--- TASK DIRECTIONS ---
Copy out the full listing below as it stands, with its pictures left behind.

--- PROVIDED DATA ---
BEGIN
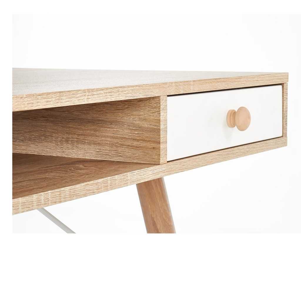 A Lukas íróasztal praktikus és esztétikus megoldás otthoni vagy irodai használatra egyaránt. A fa felső deszka és a fém alap biztosítja a stabilitást és tartósságot, miközben modern megjelenésével bármilyen térbe könnyen illeszthető. Az asztallap mérete ideális, elég nagy a munkához, ugyanakkor nem foglal túl sok helyet.
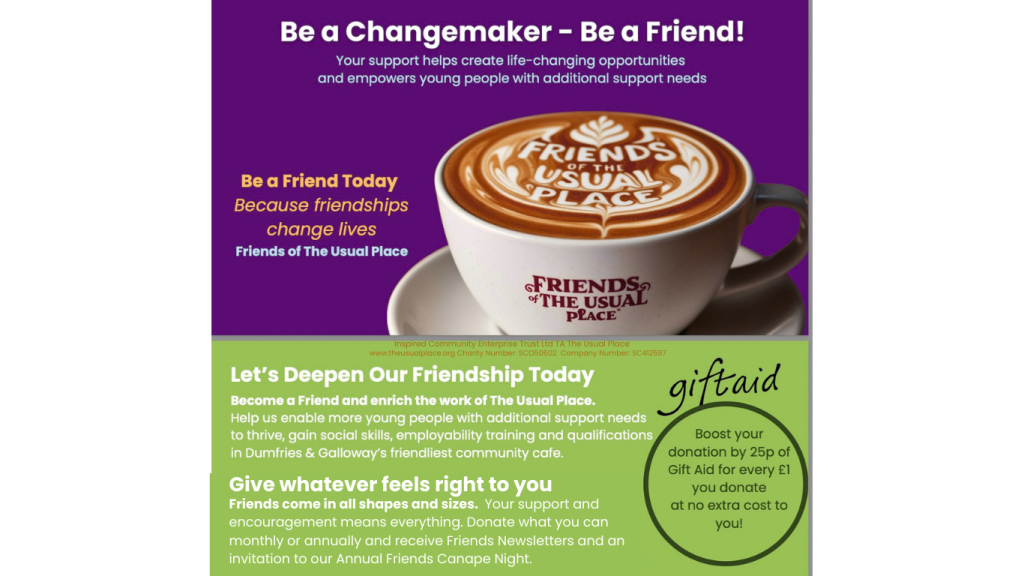 “Friends of The Usual Place come in all shapes and sizes. You can give whatever feels right for you – what matters is being part of a growing circle of encouragement that supports our work with young people with additional support needs. Every friendship adds up, and together they really do change lives” Craig McEwen, CEO The Usual Place
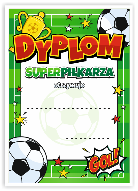 Kolorowy dyplom dla dzieci. Doskonale sprawdzi się w szkółkach piłkarskich – jako wyróżnienie za aktywny udział w zajęciach sportowych, udział w turniejach oraz na zakończenie sezonu treningowego.
END
--- WRITTEN ANSWER ---
 A Lukas íróasztal praktikus és esztétikus megoldás otthoni vagy irodai használatra egyaránt. A fa felső deszka és a fém alap biztosítja a stabilitást és tartósságot, miközben modern megjelenésével bármilyen térbe könnyen illeszthető. Az asztallap mérete ideális, elég nagy a munkához, ugyanakkor nem foglal túl sok helyet.
 “Friends of The Usual Place come in all shapes and sizes. You can give whatever feels right for you – what matters is being part of a growing circle of encouragement that supports our work with young people with additional support needs. Every friendship adds up, and together they really do change lives” Craig McEwen, CEO The Usual Place
 Kolorowy dyplom dla dzieci. Doskonale sprawdzi się w szkółkach piłkarskich – jako wyróżnienie za aktywny udział w zajęciach sportowych, udział w turniejach oraz na zakończenie sezonu treningowego.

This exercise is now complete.